FAQ: What are the latencies for SMAP radiometer data sets?


Each Level-3 file is a daily composite of half-orbit files/swaths. Note that data from descending passes (a.m.) and ascending passes (p.m.) are stored separately in the same daily composite granule.

Data Acquisition and Processing


The microwave portion of the electromagnetic spectrum, which includes wavelengths from a few centimeters to a meter, has long held the most promise for estimating surface soil moisture remotely. Passive microwave sensors measure the natural thermal emission emanating from the soil surface. The variation in the intensity of this radiation depends on the dielectric properties and temperature of the target medium, which for the near-surface soil layer is a function of the amount of moisture present. Low microwave frequencies, at L-band or approximately 1 GHz, offer the following additional advantages:

  • The atmosphere is almost completely transparent, providing all-weather sensing
  • Transmission of signals from the underlying soil is possible through sparse and moderate vegetation layers (up to at least 5 kg/m2 of vegetation water content)
  • Measurement is independent of solar illumination which allows for day and night observations

For more details, refer to "Section 2: Passive Remote Sensing of Soil Moisture" of the Algorithm Theoretical Basis Document (ATBD) for this product (O'Neill et al. 2018), which is available as a technical reference.

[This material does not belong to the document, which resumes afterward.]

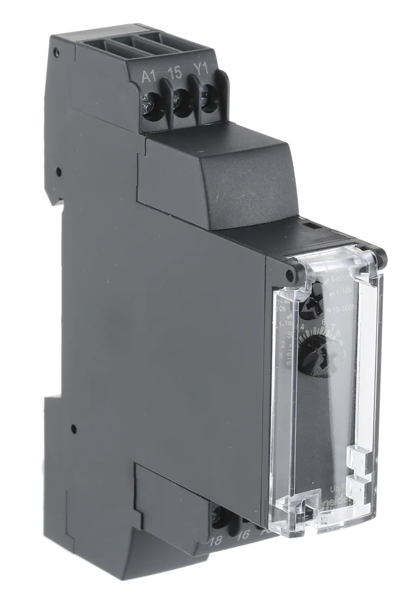 | Product description | Schneider Electric SPDT Timer Relay, OFF Delay, 24 V dc, 24 → 240V ac 0.1 s → 100h, DIN Rail Mount |

The SMAP Level-3 radiometer soil moisture product (SPL3SMP) is a daily gridded composite of the SMAP L2 Radiometer Half-Orbit 36 km EASE-Grid Soil Moisture, Version 6 (SPL2SMP) data. The derivation of soil moisture from SMAP brightness temperatures occurs in the Level-2 processing. Refer to the SPL2SMP user guide for details on soil moisture algorithms and ancillary data.


The SPL3SMP product is a daily global product. To generate the product, individual SPL2SMP half-orbit files, acquired over the course of one day, are composited to produce a daily multi-orbit global map of retrieved soil moisture. Where the SPL2SMP swaths overlap, poleward of approximately +/- 65° latitude, three options were considered for compositing multiple data points at a given grid cell:

  1. Use the most recent (or last-in) data point
  2. Take the average of all data points within the grid cell
  3. Choose the data points observed closest to 6:00 a.m. Local Solar Time (LST) for observations derived from SMAP descending passes and closest to 6:00 p.m. LST for observations derived from SMAP descending passes

The current approach for the SPL3SMP product is to use the third option - choosing the nearest 6:00 a.m. LST and nearest 6:00 p.m. LST pass to perform Level-3 compositing separately for descending and ascending passes, respectively. For a given L2 half-orbit granule whose time stamp (yyyymmddThhmmss) is expressed in UTC, only the hhmmss part is converted into local solar time (O'Neill et al. 2016).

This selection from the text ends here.